4. Three types of houses come up in this market. All are in the $120k range, as you move closer to the capital city, the ranges go up to $1M plus. The first house is overpriced, remodeled and a consumer house usually for sale by a flipper. The second is a valued price low reno house with some repairs needed ($2-5k) but adds equity buffer on the upside. The third is a complete reno at auction or foreclosure and usually bought by a flipper.
We focus on the second type of house in neighborhoods in the market on the upswing. We often run into the flippers buying houses in the same neighborhood and selling at market value (first type of house), which is a lot of work and adds value to our house and neighborhood, it is just not something we can do and make money. That is a totally different model.
5. We don't count on appreciation, we only deal with the above mentioned buffer. Because of this we can only find one or two houses like this every so often and usually have to offer hours after they hit the market.

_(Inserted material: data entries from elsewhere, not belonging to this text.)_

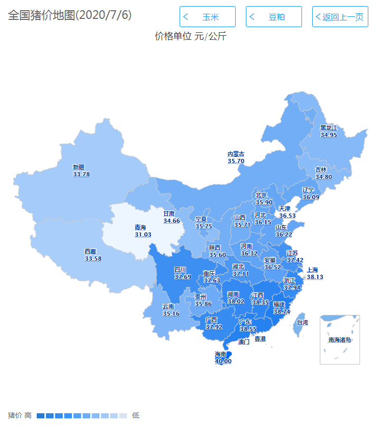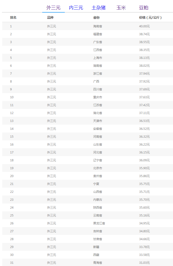 活猪价格排名前五的地区:海南省、福建省、广东省、江西省、上海市。
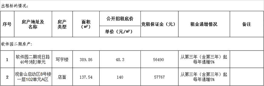 備注:意向承租人對上述情況應有充分了解。詳細招租規則、房屋租賃合同樣本、承諾函、報價(jià)單等招租文件于報名參加時(shí)領(lǐng)取。
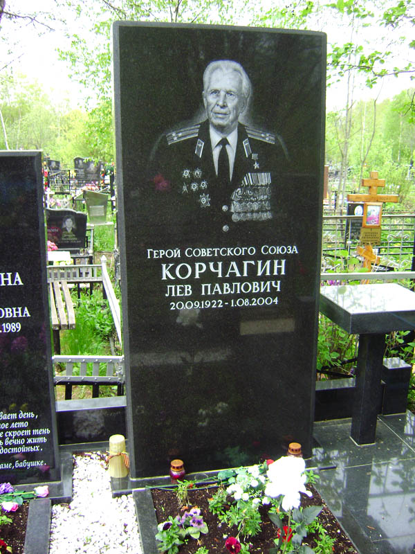 Корчагин Лев Павлович - командир эскадрильи 566-го Солнечногорского Краснознамённого штурмового авиационного полка 277-й Красносельской Караснознамённой ордена Суворова 2-й степени штурмовой авиационной дивизии 1-й воздушной армии 3-го Белорусского фронта, капитан.
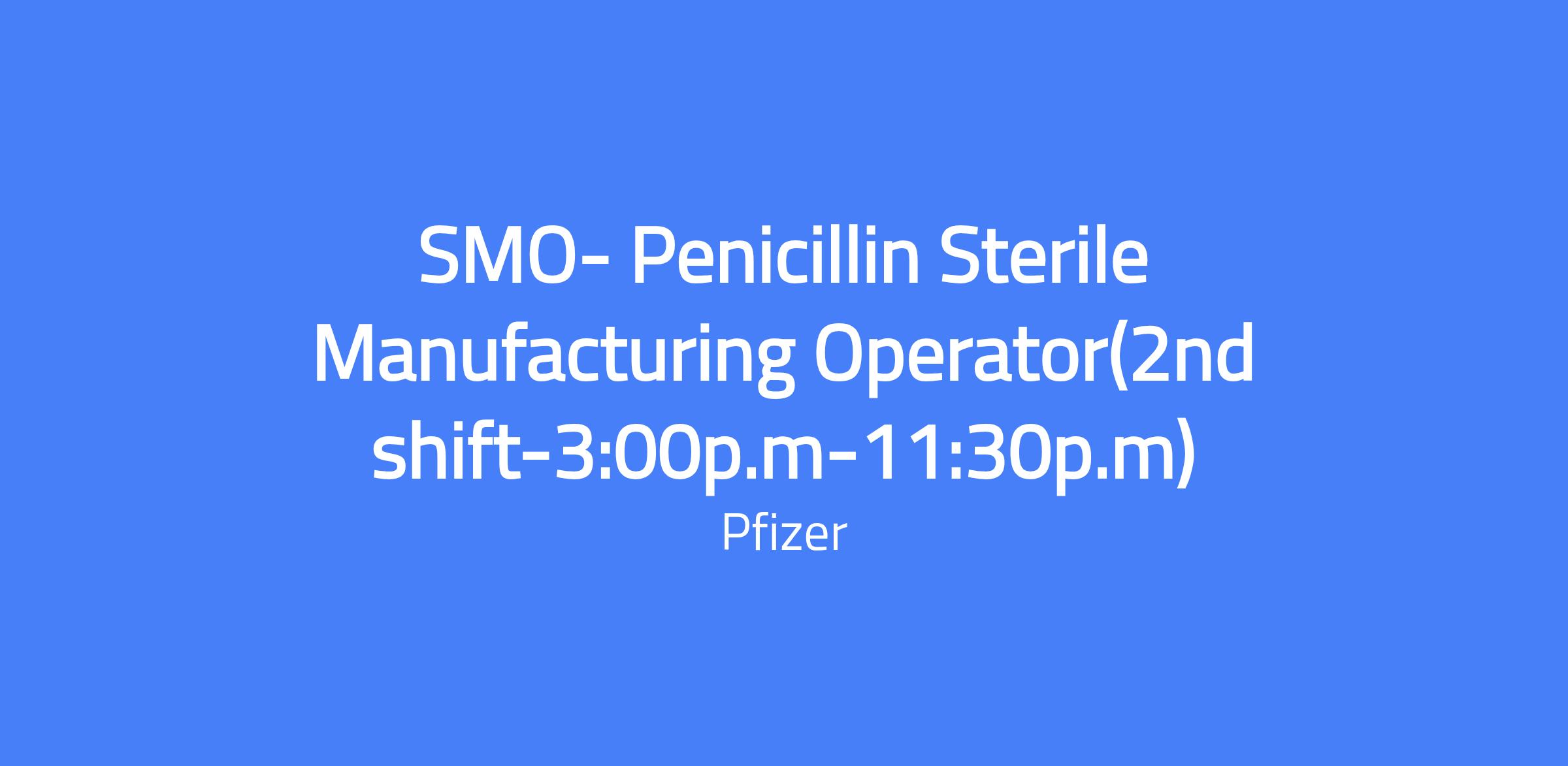 Penicillin Sterile Manufacturing Operator (2nd shift: 3:00 p.m. – 11:30 p.m.) in a Penicillin Facility. You will perform packaging and inspection tasks, support manufacturing operations, and ensure compliance with cGMP and safety standards. This role requires collaboration with supervisors and cross-functional teams to maintain production schedules and quality.
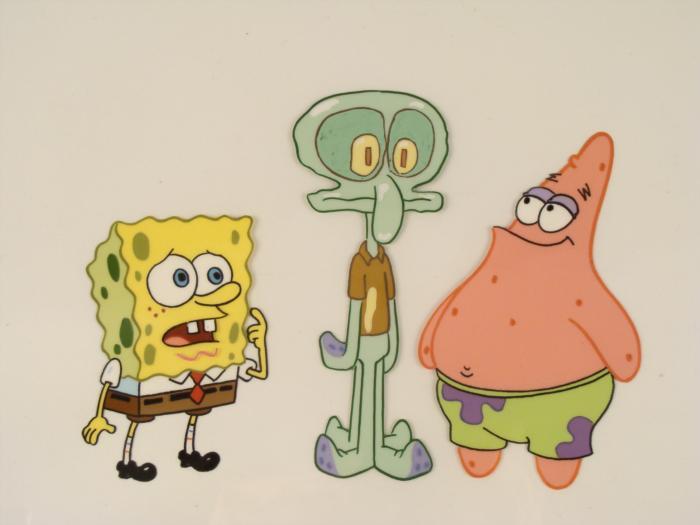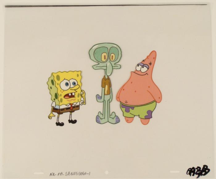 This original animation cel is from the Nickelodeon TV show SpongeBob Squarepants. The story takes place under the deep blue sea in Bikini Bottom, where SpongeBob resides. SpongeBob, who is a yellow, porous sponge, is your typical happy-go-lucky character, as he is always cheerful and enjoys making people laugh. Patrick Star, SpongeBob's neighbor who is a starfish, is your average children's show idiot, as he boasts knowing nothing and is often getting himself into ridiculous situations. Between the homes of these two lies the home of the miserable Squidward, a squid, who is known for being grouchy and playing tricks on SpongeBob and Patrick. Both SpongeBob and Squidward work at the Krusty Krab, a fast food business run by the greedy money-loving Mr. Krabs, a crab, the arch rival of the evil, possibly misunderstood, Plankton. Another neighbor, Sandy Cheeks, an athletic squirrel who normally wears an astronaut's space suit, was introduced in "Tea at the Treedome." She spends most of her time inventing and experimenting. Is Squidward dead?Original Production Animated Cel Overall Size of Cel: 10 1/2" x 12 1/2" Very Good ConditionThis is an original hand-painted cel set-up used in the production of an episode of "SpongeBob SquarePants." Each one-of-a-kind set-up represents a slight change in position of the characters. When individually photographed and projected in rapid succession, the images appear to move.
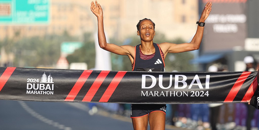 Running on Dubai’s renowned super flat course that mainly stretches on Jumeirah Beach Road, the 25-year-old Ethiopian marked her first-ever marathon by becoming the eighth fastest woman in marathon history. She also smashed the Dubai course record, improving the mark by 61 seconds.
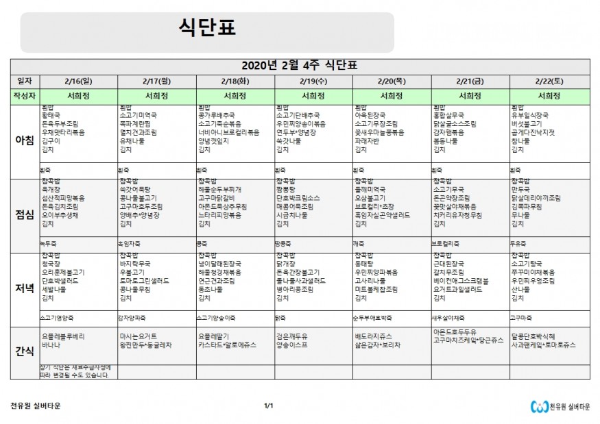 2월 4째주 식단표 페이지 정보 작성자 천유원실버타운 작성일20-02-17 08:29 조회6,431회 댓글0건 관련링크 이전글 다음글 목록 본문 2월 4째주 식단표 댓글목록 등록된 댓글이 없습니다. 이전글 다음글 목록
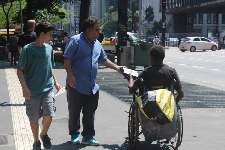 | Keywords: Relação de Poder no Brasil.jpg pt-br Morador de rua recebendo comida de alguém que passava pela calçada Fotografia tirada na esquina da Avenida Paulista com a Alameda Casa Branca em 19 de março de 2016 own Marina Arena 19 de março de 2016 Projeto Commons da Faculdade Cásper Líbero RTVI/2016 Desigualdade Social Pobreza |
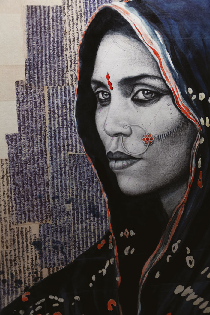 Stéphanie Ledoux crée à travers de multiples techniques : collage, dessin, encre, aquarelle, acrylique, linogravure et peinture à huile. Une diversité qui permet à l’artiste d’éviter la répétition, néanmoins les étapes de créations forment un schéma proche du rituel. « Tout part d’une rencontre sur le terrain, un coup de cœur. Je discute, j’essaye de comprendre leur culture et de mieux connaitre leur quotidien. Une fois en confiance et qu’ils me donnent leur aval, je réalise un croquis, qui prendra véritablement vie sur un plus grand format dans mon atelier. » La passionnée de voyages enchaine : « Je me souviens d’une rencontre marquante… Une tatoueuse de 103 ans qui vivait aux Philippines. Pour rendre notre rencontre davantage marquante, elle a tenu à me tatouer. J’ai évidemment accepté », s’amuse-t-elle. Avec à son actif plusieurs centaines d’œuvres et quelques dizaines d’expositions, la globe-trotteuse ne fait pourtant que commencer son aventure :
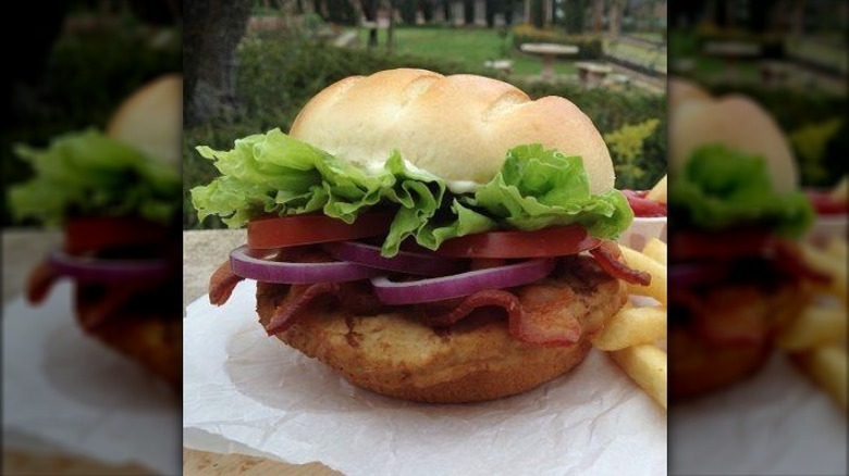 The Western Whopper is a burger that you might remember if you grew up in the '90s. The restaurant put a lot of advertising into the rollout, which featured plenty of cowboy and Western-themed commercials. In addition to the famous flame-broiled beef, the Western Whopper also included strips of crispy bacon and a dollop of Bullseye Barbecue sauce. The Western Whopper was brought back again for a short time in the 2000s and featured humorous commercials of burgers making people grow mustaches after eating them.

6. Not many people mentioned building equity in the calculations. This is a bonus and not considered in return and may become a liability as it approaches 100%. At full equity you lose money, but can liquidate to purchase more properties, if you are expanding but full equity you have income. Similar to stocks vs. bonds. Depends on your goals.
7. The napkin math behind the complex return is your house rents must be 1% of your purchase price. 120k has to rent for as close to $1200 as possible. There is a pain threshold in this neighborhood and $1200 is top of market. So we look for a 125k house, offer $105 and usually spend 2-5k on updates, and plan to eat 1-2 months of mortgage so approximately all in for $110-112k with $85-90k in loans and list at $1150. We list with our PM for 10% of rents and they provide marketing and a detailed report on applicants. Of course that is all in the sweet spot and we have managed 4 of these this year.
After all of this we usually gross 21% and net 12-14% and do not count appreciation or equity which grows as the amortization changes over time. Our goal is income currently, but as equity grows we may try to grow quicker. On our first house we turned away 10 applicants or so before we found a good one - who takes great care of the house, but the others have filled quicker and had good applicants early on and are families that are A or B credit who just want a nice house and yard for the kids. Two houses have depreciated about 1.5% which is still well within our negotiation margin of 15% 20% on the upside. One has appreciated considerably and is about 40% on the upside of purchase price.
If you want more free details on real estate https://www.coachcarson.com
is a valuable resource on the math and neighborhood selection. Like some other posters said it does take some work, but I probably spend more time looking at my portfolio than I do worrying about my properties, I enjoy the bargain hunt, and I haven't had a meth lab yet, so there is that.